In particular, the effects of different parameters on TA and SA estimates are also investigated by comparing the prediction accuracy of models with various input parameters and calculating the correlation coefficients between input parameters and the temperature and salinity anomalies. In addition, this paper evaluates the potential application of climatology in temperature and salinity reconstruction using different combinations of temperature and salinity climatology data.

This paper is organized as follows. The study area and the data we used are presented in Section 2. Section 3 gives an overview of the methodology used in this paper. Section 4 is devoted to the description of the results, we draw conclusions in section 5.

2 Data

The goal of this paper is to reconstruct the three-dimensional thermohaline structure of the Northwest Pacific Ocean (95° W-135° W, 5° S-45° N) for the period 2011-2021. The sources of ocean observations used in this study are: Argo data, satellite sea surface temperature (SST), satellite sea surface salinity (SSS), and sea surface height anomaly (SSHA), which are described below. The climatology of the World Ocean Atlas 2018 (WOA18), used as the monthly mean of climatology is also presented.

2.1 Argo data

The Argo profiles are obtained from Global Sea Ocean Argo Scatter Dataset (V3.0) (Liu et al., 2021) provided by the China Argo Real-time Data Center (ftp://ftp.argo.org.cn/pub/ARGO/global/). This dataset collects more than 2.3 million temperature and salinity depth profiles observed by over 15,000 automated profiling buoys deployed in the global ocean by international Argo member countries during July 2000 through June 2020. Data inside the region of 95° W-135° W and 5° S-45° N for the period 2011-2021 are considered here.
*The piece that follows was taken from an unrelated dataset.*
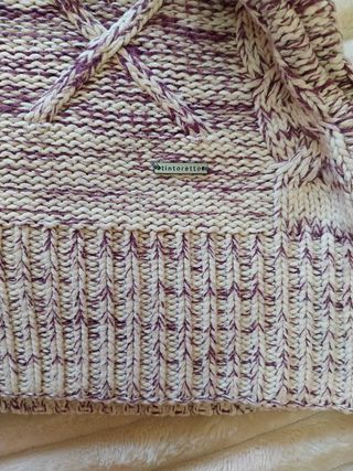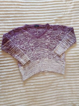 Color: Mezcla degradada de tonos morado y crema, que crea un efecto visual moderno y cálido. Marca: "Tintoretto". Talla "38". Jersey de suave hilo grueso, muy agradable al tacto. Tejido con trenzas decorativas al frente y en mangas. Escote en V. Acabado acanalado en el bajo y los puños. - Diseño jaspeado. - Cuello en pico. - Tejido con trenzas.

Profiles with depths exceeding 700 m are selected, and the profiles are interpolated through a spline into the same 71 vertical levels extending from the surface (5 m) to 705 m (vertical step is 10 m).

2.2 Satellite SST data

The SST data of this study are created by the OSTIA (Operational SST and Ice Analysis) system, using re-processed ESA SST CCI, C3S EUMETSAT and REMSS satellite data and in situ data from the HadIOD dataset, distributed through the Copernicus Marine Environment Monitoring Service (CMEMS, http://marine.copernicus.eu/services-portfolio/access-to-products/, product_id = SST_GLO_SST_L4_REP_OBSERVATIONS_010_011). This product provides daily maps of the SST and SST uncertainty on a global regular grid at 0.05° resolution, which are stored using the netCDF format using the Group for High Resolution SST specification.

2.3 Satellite SSS data

The SSS data is a Level 4 products on a 0.25 degree spatial and 4-day temporal grid produced by the International Pacific Research Center (IPRC) at the University of Hawaii at Manoa in collaboration with the Santa Rosa Remote Sensing System (RSS) in California in conjunction with observations from NASA’s Aquarius/SAC-D and Soil Moisture Active (SMAP) satellite missions. The product is a continuous, consistent multi-satellite SSS data obtained by optimal interpolation with a 7-day decorrelation time scale (Melnichenko et al., 2016). Their mean root mean squared difference from globally synchronized in situ data is about 0.19 psu and the product bias is about zero.

2.4 Satellite SSHA data

The altimeter sea level anomalies with daily and 0.25°×0.25° resolutions are provided by Sea Level TAC (Thematic Assembly Centre, https://resources.marine.copernicus.eu/product-detail/SEALEVEL_GLO_PHY_L4_MY_008_047/DATA-ACCESS). The data produced in the frame of this TAC are generated by the processing system including data from all altimeter Copernicus missions (Sentinel-6A, Sentinel-3A/B) and other collaborative or opportunity missions (e.g.: Jason-3, Saral[-DP]/AltiKa, Cryosat-2, OSTM/Jason-2, Jason-1, Topex/Poseidon, Envisat, GFO, ERS-1/2, Haiyang-2A/B/C).

2.5 Climatology data

The climate data used in this study are from World Ocean Atlas 2018 (Boyer et al., 2018) (https://www.ncei.noaa.gov/products/world-ocean-atlas), which is provided by the National Oceanographic Data Center (now the National Centers for Environmental Information - NCEI)(Boyer et al., 2018) (https://www.ncei.noaa.gov/products/world-ocean-atlas). The atlas is an objectively analyzed, quality-controlled collection of temperature, salinity, oxygen, phosphate, silicate, and nitrate averages based on profile data from the World Ocean Database and distributed online by NCEI. Monthly climatology fields of temperature and salinity at standard depth levels at a spatial resolution of 0.25°×0.25° were used in this study and interpolated by cubic spline onto regularly spaced vertical grids (10 m apart).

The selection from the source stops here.